Records from a dataset

================================

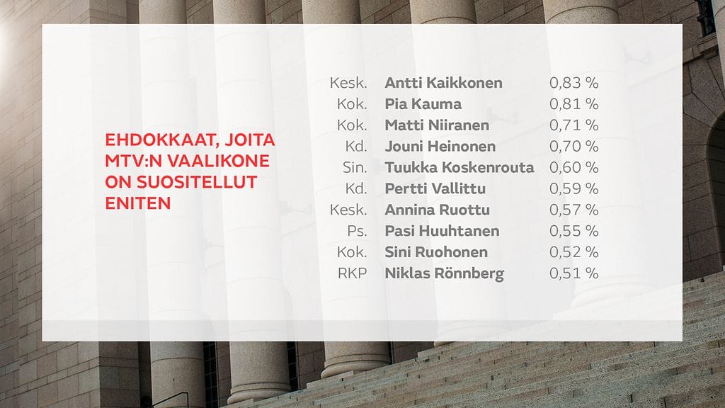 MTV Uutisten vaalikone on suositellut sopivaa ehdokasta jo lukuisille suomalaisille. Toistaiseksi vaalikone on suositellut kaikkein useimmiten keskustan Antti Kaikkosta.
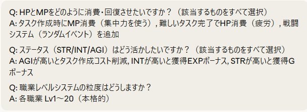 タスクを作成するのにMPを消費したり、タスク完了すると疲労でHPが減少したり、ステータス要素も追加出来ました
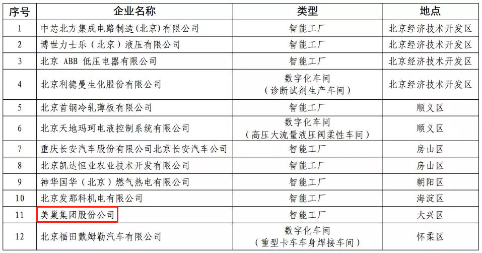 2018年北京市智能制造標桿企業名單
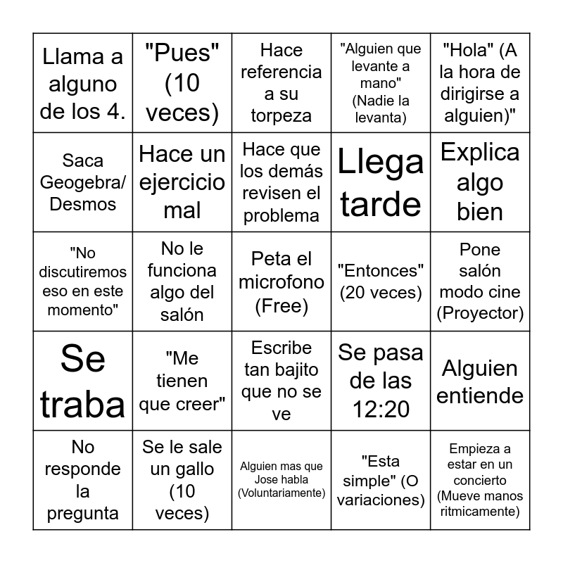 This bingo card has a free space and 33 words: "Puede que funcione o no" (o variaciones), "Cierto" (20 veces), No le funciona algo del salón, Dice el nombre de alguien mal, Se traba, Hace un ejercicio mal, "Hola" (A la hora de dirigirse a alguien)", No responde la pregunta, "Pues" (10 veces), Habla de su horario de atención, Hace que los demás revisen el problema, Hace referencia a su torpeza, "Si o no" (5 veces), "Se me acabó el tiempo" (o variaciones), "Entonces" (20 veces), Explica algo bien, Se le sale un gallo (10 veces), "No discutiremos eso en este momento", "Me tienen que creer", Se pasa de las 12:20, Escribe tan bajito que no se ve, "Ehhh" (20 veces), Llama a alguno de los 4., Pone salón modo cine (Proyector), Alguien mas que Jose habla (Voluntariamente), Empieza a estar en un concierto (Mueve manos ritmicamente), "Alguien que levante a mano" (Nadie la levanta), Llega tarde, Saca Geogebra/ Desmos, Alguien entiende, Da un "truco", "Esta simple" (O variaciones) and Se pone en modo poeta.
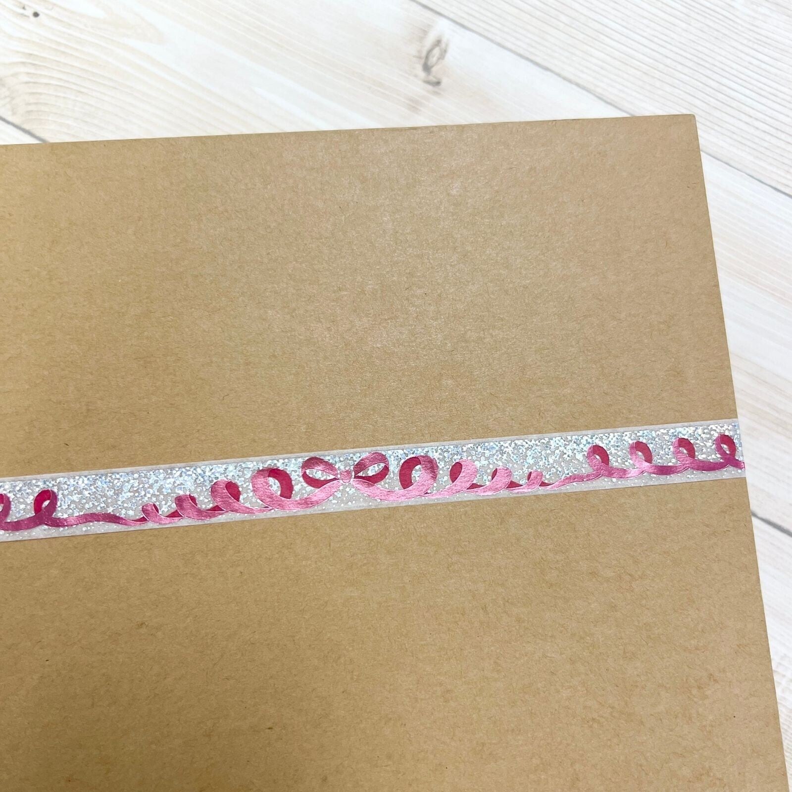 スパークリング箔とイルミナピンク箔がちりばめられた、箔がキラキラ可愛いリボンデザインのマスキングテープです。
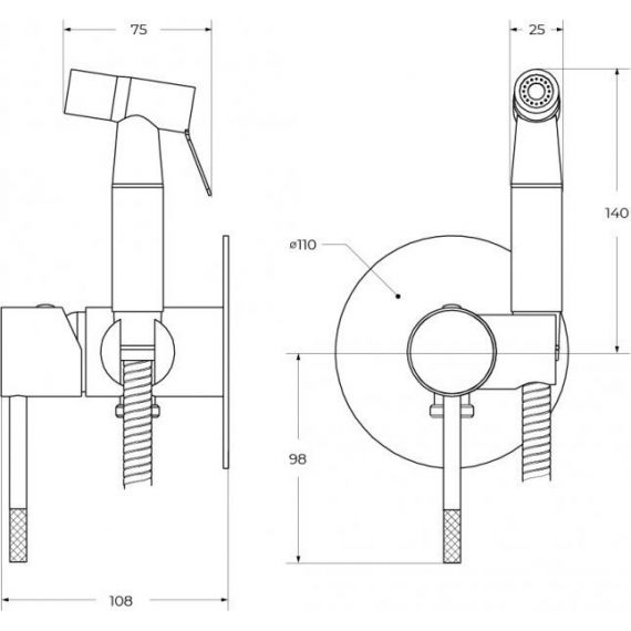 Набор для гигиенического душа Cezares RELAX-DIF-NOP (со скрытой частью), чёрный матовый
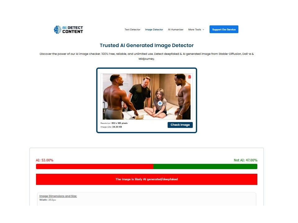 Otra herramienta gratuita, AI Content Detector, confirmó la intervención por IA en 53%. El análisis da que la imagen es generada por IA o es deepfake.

================================

About this task:
Word-for-word output of every record is needed, with images omitted.

Result of this exercise:
 MTV Uutisten vaalikone on suositellut sopivaa ehdokasta jo lukuisille suomalaisille. Toistaiseksi vaalikone on suositellut kaikkein useimmiten keskustan Antti Kaikkosta.
 タスクを作成するのにMPを消費したり、タスク完了すると疲労でHPが減少したり、ステータス要素も追加出来ました
 2018年北京市智能制造標桿企業名單
 This bingo card has a free space and 33 words: "Puede que funcione o no" (o variaciones), "Cierto" (20 veces), No le funciona algo del salón, Dice el nombre de alguien mal, Se traba, Hace un ejercicio mal, "Hola" (A la hora de dirigirse a alguien)", No responde la pregunta, "Pues" (10 veces), Habla de su horario de atención, Hace que los demás revisen el problema, Hace referencia a su torpeza, "Si o no" (5 veces), "Se me acabó el tiempo" (o variaciones), "Entonces" (20 veces), Explica algo bien, Se le sale un gallo (10 veces), "No discutiremos eso en este momento", "Me tienen que creer", Se pasa de las 12:20, Escribe tan bajito que no se ve, "Ehhh" (20 veces), Llama a alguno de los 4., Pone salón modo cine (Proyector), Alguien mas que Jose habla (Voluntariamente), Empieza a estar en un concierto (Mueve manos ritmicamente), "Alguien que levante a mano" (Nadie la levanta), Llega tarde, Saca Geogebra/ Desmos, Alguien entiende, Da un "truco", "Esta simple" (O variaciones) and Se pone en modo poeta.
 スパークリング箔とイルミナピンク箔がちりばめられた、箔がキラキラ可愛いリボンデザインのマスキングテープです。
 Набор для гигиенического душа Cezares RELAX-DIF-NOP (со скрытой частью), чёрный матовый
 Otra herramienta gratuita, AI Content Detector, confirmó la intervención por IA en 53%. El análisis da que la imagen es generada por IA o es deepfake.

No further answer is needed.